▶ _BRIEF_: Could you repeat the entries below exactly, but only from the line with "- Швы и внутренние" through the line with "Örgü sarı ayçiçeği", and without any picture?

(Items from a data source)
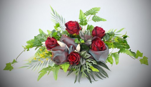 Duża, bogata, piękna wiązanka na grób bardzo dobrej jakości, sztucznych dodatków florystycznych.
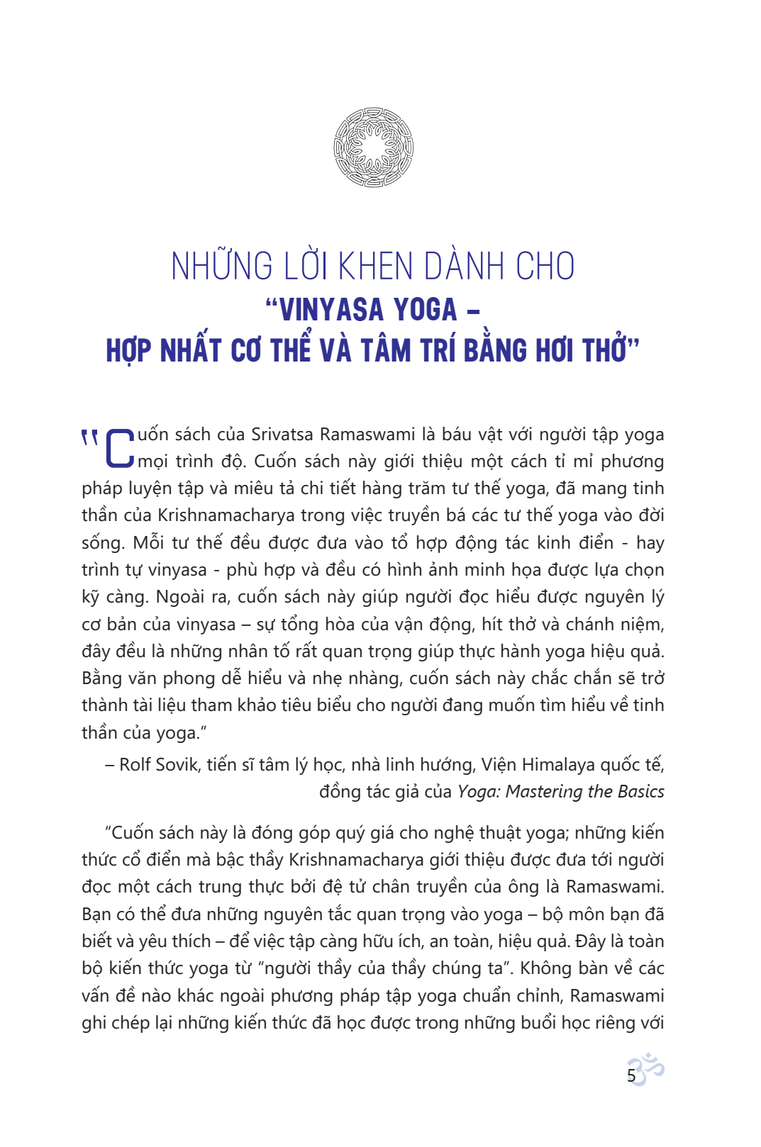 Phần mở đầu của sách là những chia sẻ của tác giả về quá trình 33 năm học tập dưới trướng T. Krishnamacharya, người sáng tạo ra trường phái Vinyasa yoga, và cùng với những chia sẻ cá nhân của ông sau hơn hai thập kỷ làm việc dưới cương vị giáo viên Yoga. Sau đó chúng ta đến nội dung chính của cuốn sách là 12 chương tương ứng cho 12 trình tự động tác cùng với 1000 ảnh màu minh họa rõ nét động tác và quy trình thở dưới những lời hướng dẫn chi tiết của tác giả.
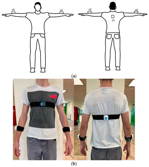 Wearable sensors as placed on the subject’s body ((a) scheme, (b) real), s1 on the upper shoulder, s2 and s3 on the forearms.
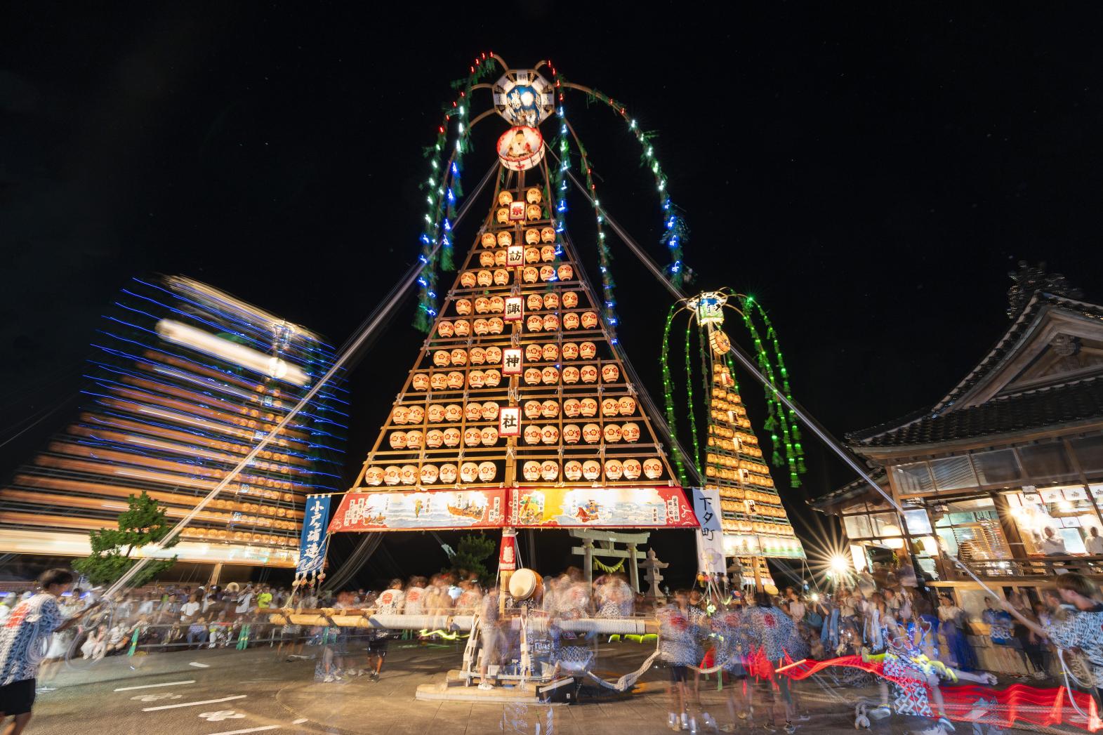 海の安全と豊漁を祈願する祭礼で「たてもん」と呼ばれる行燈が曳き回されます。たてもんは、風を受けた船の帆を見立てており、ソリ状の台に約15mの木を立て、90余りの提灯や行灯が吊り下げられています。7基のたてもんが諏訪神社の広場で順々にグルグルと回される姿は大迫力で、地元の夏の夜を彩る風物詩にもなっています。
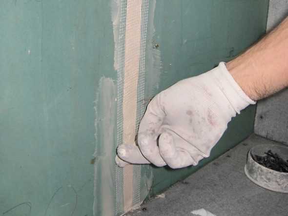 - Швы и внутренние углы необходимо проклеить серпянкой и заделывать стартовой шпатлевкой.
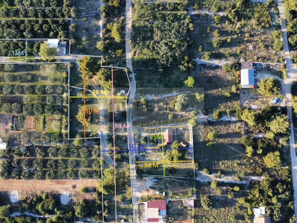 Das Anwesen umfasst eine Fläche von 4040 m², ideal für Naturliebhaber und landwirtschaftliche Nutzung. Auf dem Grundstück befinden sich ca. 80 Olivenbäume und zwei Häuser (ca. 40 m²), die nicht im Grundbuch und Kataster eingetragen sind, jedoch über Strom- und Wasseranschluss verfügen und für den Aufenthalt eingerichtet sind.
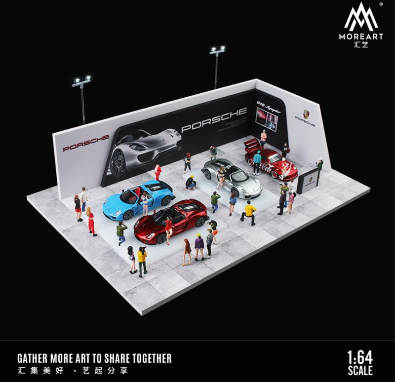Діорама Showroom 1:64 з світлодіодним підсвічуванням у стилі PORSCHE Країна виробник Китай Бренд: MOREART Масштаб: 1:64 Розмір моделі (приблизно см): 30*20/7*12 см Матеріал: ПВХ, акрил Стан моделі: новий з оригінальною коробкою Вага: понад 700 гр. з упаковкою.
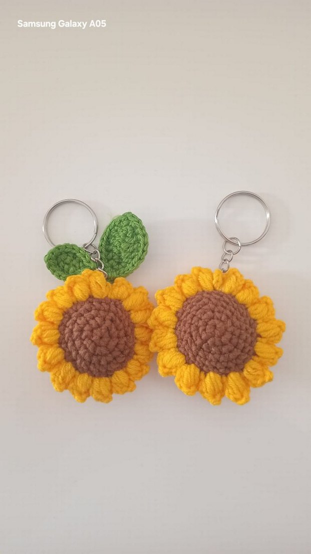 Örgü sarı ayçiçeği anahtarlıklar, rahat ve renkli bohem tarzda. Detaylı yaprak ve taç yaprakları bulunur.
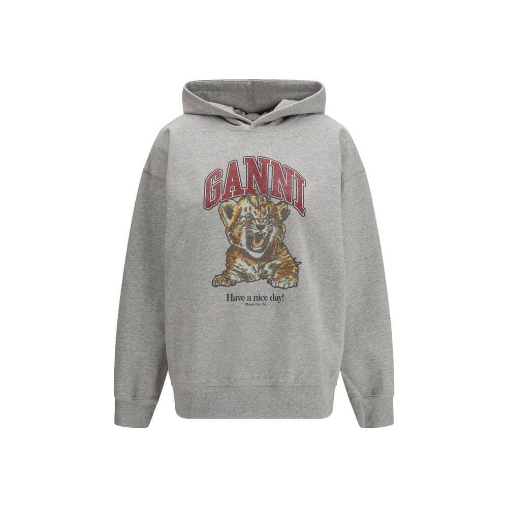 The Tiger Hoodie by Ganni is an urban and contemporary piece. The long sleeves and ribbed cuffs offer comfort and a perfect fit, while the tiger print graphic adds a bold and distinctive touch. The GANNI logo and the message “Have a nice day! Please recycle” convey a positive and sustainable message. Ideal for a casual and modern look, this sweatshirt is perfect for those seeking a unique style without sacrificing practicality.
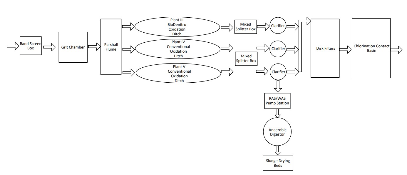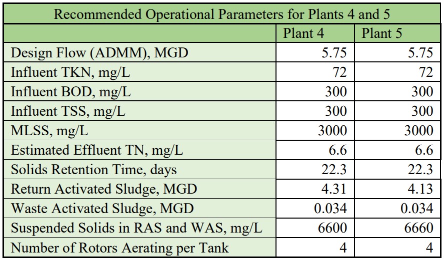 The oxidation ditches for Plants 4 and 5 will be converted to a new conventional operational style with an anaerobic denitrifying zone. Each plant will be divided into two separate tanks. The return activated sludge (RAS) flow rate will be adjusted to 75% and the waste activated sludge flowrate will be changed to accommodate the RAS rate. Each tank will run four of its rotors as aerators to supply oxygen for nitrification, while the rest will be submerged to move flow through the anaerobic zone. With these changes it estimated there will be an effluent total nitrogen concentration of 6.6 mg/L, below the permit level of 8 mg/l. It is expected that almost all of the soluble BOD will be consumed and removed. Under these conditions it was determined that the secondary clarifiers would be slightly overloaded, but it was determined that it would be more cost effective to delegate more stress on the disk filters and replace them more often than retrofit the clarifiers. A summary of the operational parameters as well as a diagram of the proposed changes can be found below.
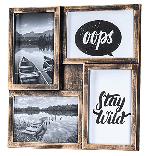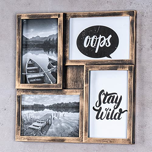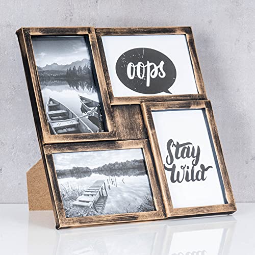 levandeo Bilderrahmen 4 Fotos Schwarz Kupfer Gold Aufsteller Fotogalerie Fotorahmen Bildergalerie Fotocollage Collage Bildercollage Glasscheibe Tischdeko
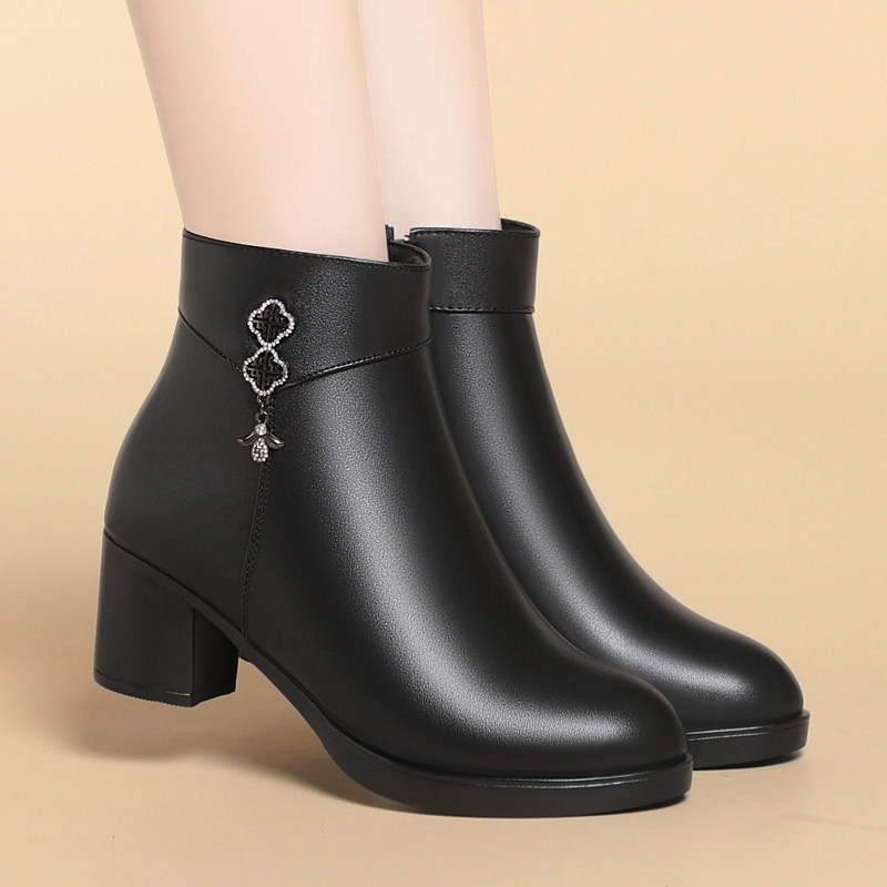 冬季保暖加绒低中粗跟厚羊毛妈妈棉鞋短靴女士真皮棉鞋女式棉皮鞋
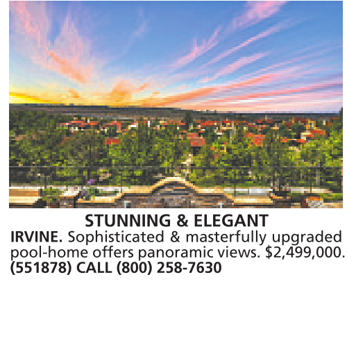 STUNNING & ELEGANT IRVINE. Sophisticated & masterfully upgraded pool-home offers panoramic views. $2,499,000. (551878) CALL (800) 258-7630
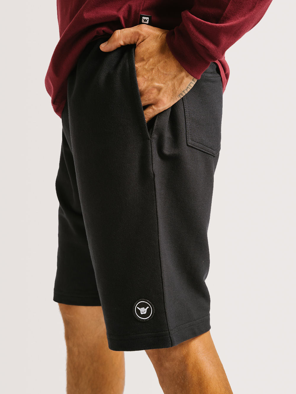 Bermuda Moletom Hang Loose Round, possui cintura com elástico e cordão de ajuste, bolsos frontais e traseiros e aplicações de etiqueta Hang Loose. Confeccionada em tecido moletinho sem felpa.
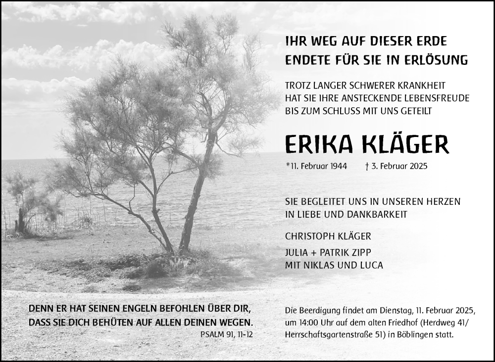 Hier finden Sie alle Traueranzeigen aus der Zeitung, die bisher für Erika Kläger erschienen sind. Weitere Traueranzeigen, die in der Zeitung erscheinen, werden hier ebenfalls aufgelistet
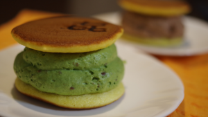 Pâtisserie du jour : Dorayaki aux différentes farces (pâte de haricots rouges – crème au matcha – crème et haricots rouges) / panna cotta aux sésames noires
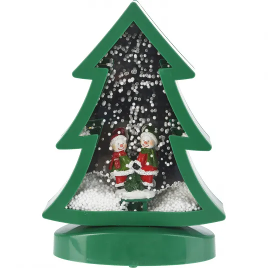 Glob decorativ muzical cu zapada Xmas Tree, 18.7x7.5xH27 cm, 21 mini LED-uri alb-cald
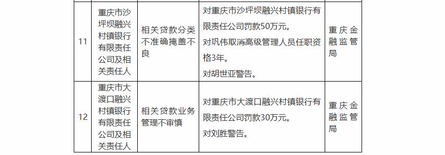 重庆金融监管局对重庆市沙坪坝融兴村镇银行有限责任公司罚款50万元。对巩伟取消高级管理人员任职资格3年。对胡世亚警告。

▶ _EXERCISE SOLUTION_:
 - Швы и внутренние углы необходимо проклеить серпянкой и заделывать стартовой шпатлевкой.
 Das Anwesen umfasst eine Fläche von 4040 m², ideal für Naturliebhaber und landwirtschaftliche Nutzung. Auf dem Grundstück befinden sich ca. 80 Olivenbäume und zwei Häuser (ca. 40 m²), die nicht im Grundbuch und Kataster eingetragen sind, jedoch über Strom- und Wasseranschluss verfügen und für den Aufenthalt eingerichtet sind.
Діорама Showroom 1:64 з світлодіодним підсвічуванням у стилі PORSCHE Країна виробник Китай Бренд: MOREART Масштаб: 1:64 Розмір моделі (приблизно см): 30*20/7*12 см Матеріал: ПВХ, акрил Стан моделі: новий з оригінальною коробкою Вага: понад 700 гр. з упаковкою.
 Örgü sarı ayçiçeği anahtarlıklar, rahat ve renkli bohem tarzda. Detaylı yaprak ve taç yaprakları bulunur.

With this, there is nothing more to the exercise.